WHAT IS BEING ASKED :: Please repeat every record below exactly as written, but leave out the pictures.

MATERIAL TO PROCESS ::
↓↓↓

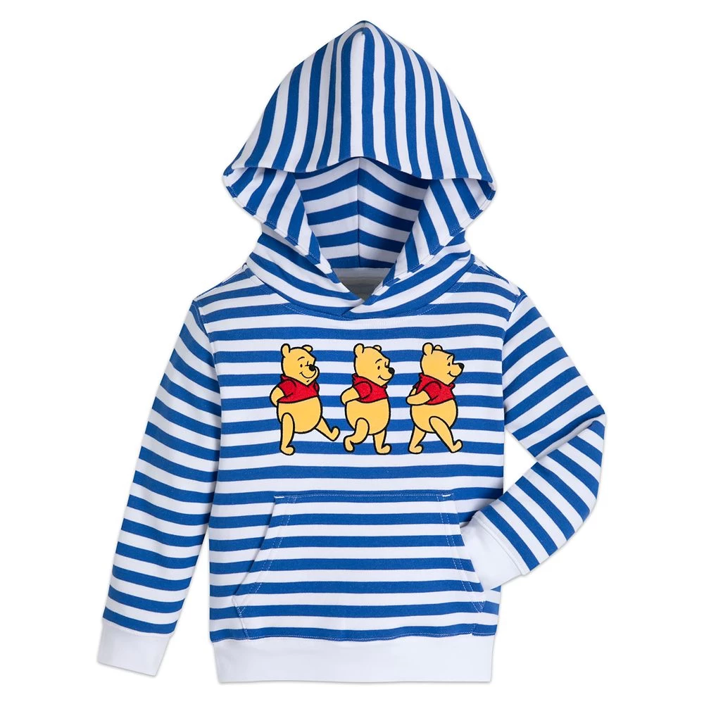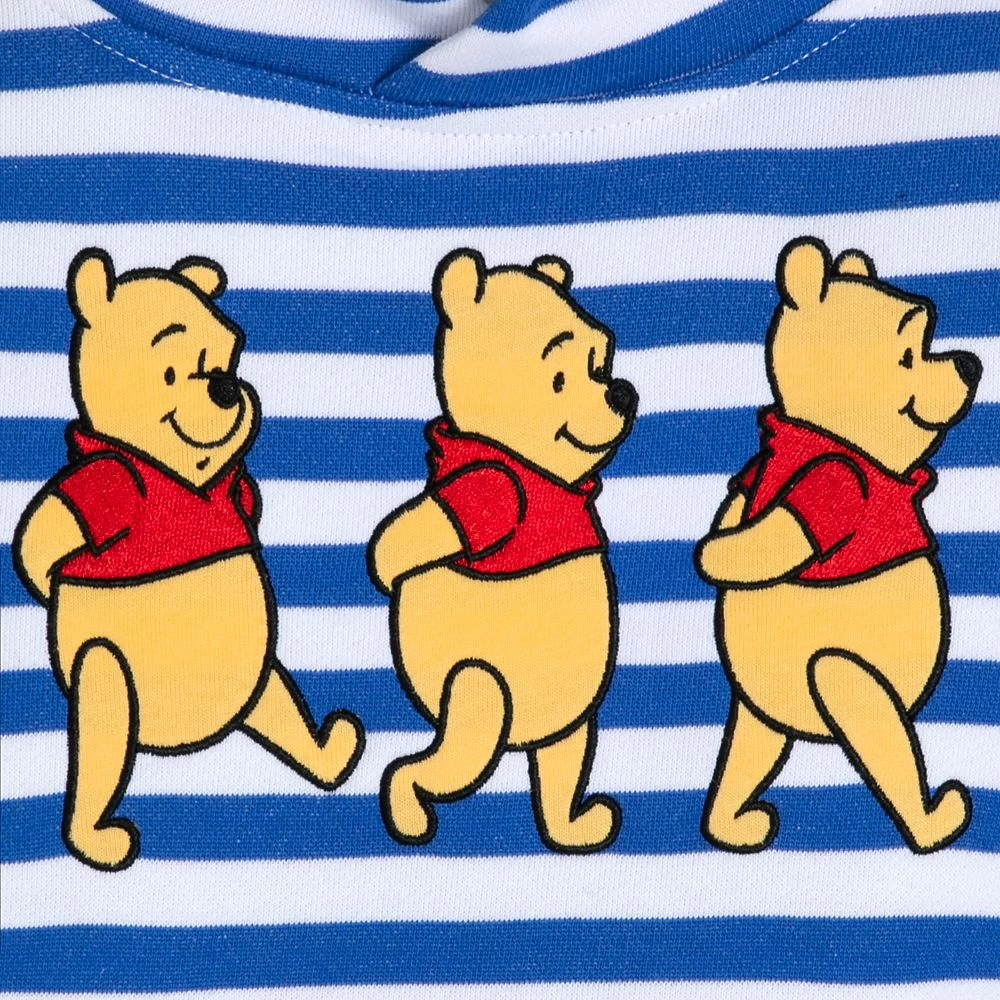 Blustery days are no bother with Winnie the Pooh. This striped print pullover hoodie features a warm fleece interior and contrast ribbed trims, a pouch pocket, plus embroidered Pooh appliquΓ©s across chest. Wear it every ”windsday” or any day.
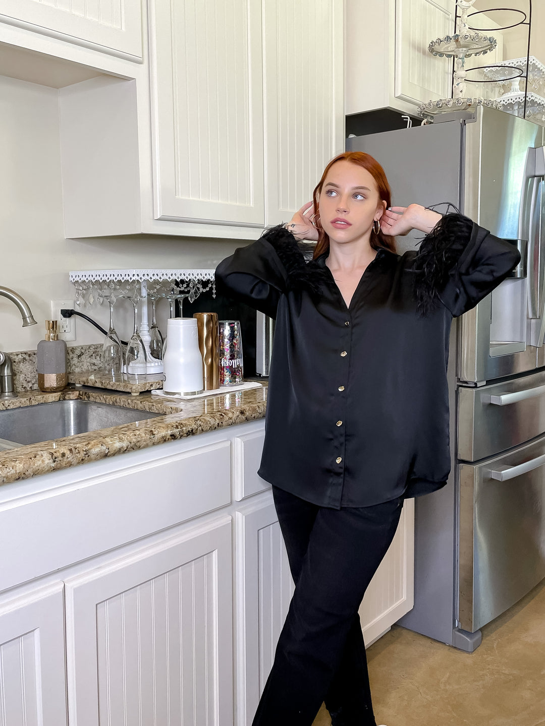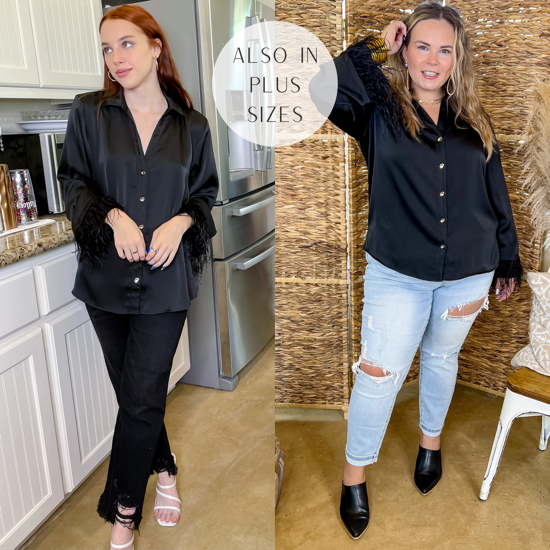 Take a Chance Satin Button Up Top with Feather Trim Long Sleeves in Black
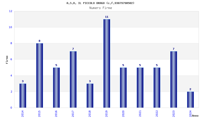 | Anno | Firme | Importi | Media | Naz. | Reg. | Prov. | Comu. |
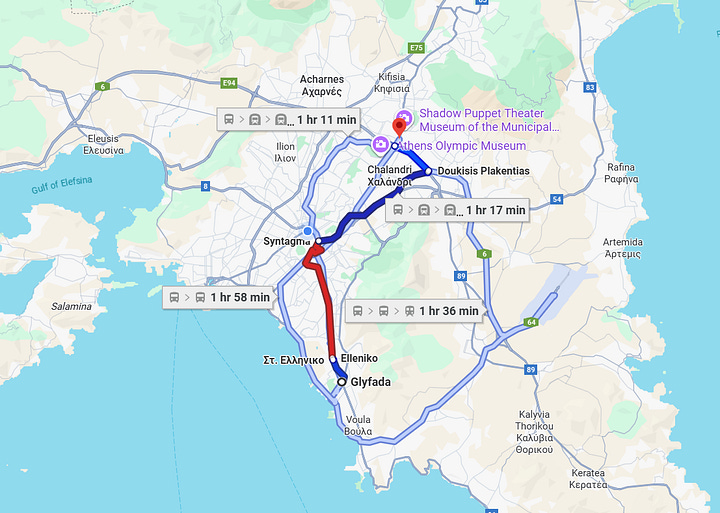 Διαδρομή: Γλυφάδα ➔ Κέντρο Αθήνας (Σύνταγμα)
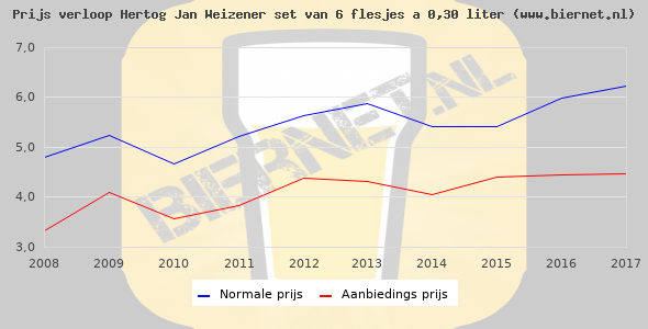 De gemiddelde prijs van een set van 6 flesjes á 0,30 liter van Hertog Jan Weizener is €7,55 (€4,19 per liter). De gemiddelde prijs van Hertog Jan Weizener in de winkel is €4,19 per liter.
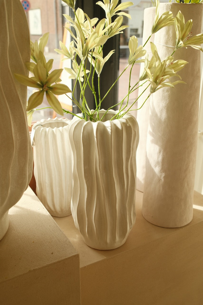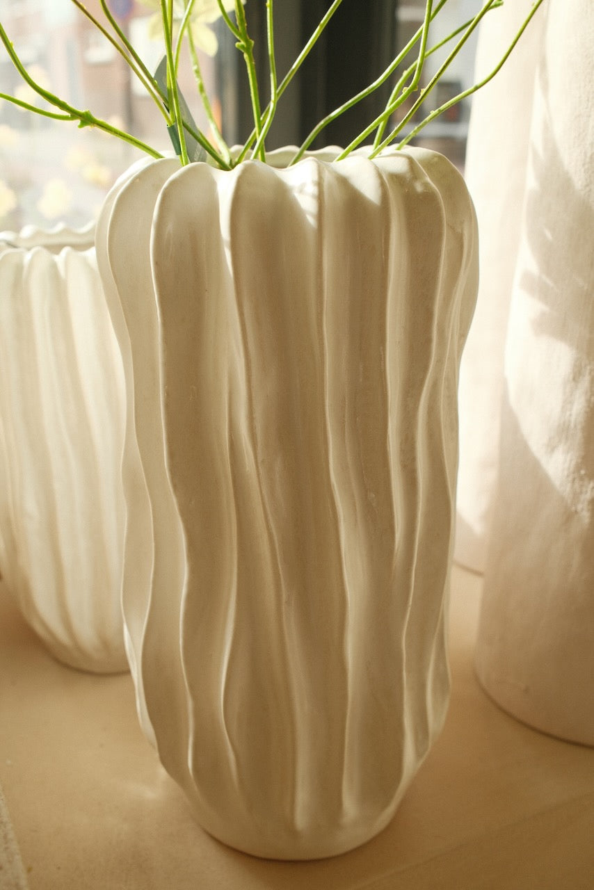 De Luna vaas in crème is een elegante en opvallende vaas met een rustige, natuurlijke uitstraling. Het keramische materiaal en de zachte crèmekleur geven de vaas een tijdloos karakter, waardoor hij moeiteloos past in zowel moderne als warme, sfeervolle interieurs.

↑↑↑

RESULT ::
 Blustery days are no bother with Winnie the Pooh. This striped print pullover hoodie features a warm fleece interior and contrast ribbed trims, a pouch pocket, plus embroidered Pooh appliquΓ©s across chest. Wear it every ”windsday” or any day.
 Take a Chance Satin Button Up Top with Feather Trim Long Sleeves in Black
 | Anno | Firme | Importi | Media | Naz. | Reg. | Prov. | Comu. |
 Διαδρομή: Γλυφάδα ➔ Κέντρο Αθήνας (Σύνταγμα)
 De gemiddelde prijs van een set van 6 flesjes á 0,30 liter van Hertog Jan Weizener is €7,55 (€4,19 per liter). De gemiddelde prijs van Hertog Jan Weizener in de winkel is €4,19 per liter.
 De Luna vaas in crème is een elegante en opvallende vaas met een rustige, natuurlijke uitstraling. Het keramische materiaal en de zachte crèmekleur geven de vaas een tijdloos karakter, waardoor hij moeiteloos past in zowel moderne als warme, sfeervolle interieurs.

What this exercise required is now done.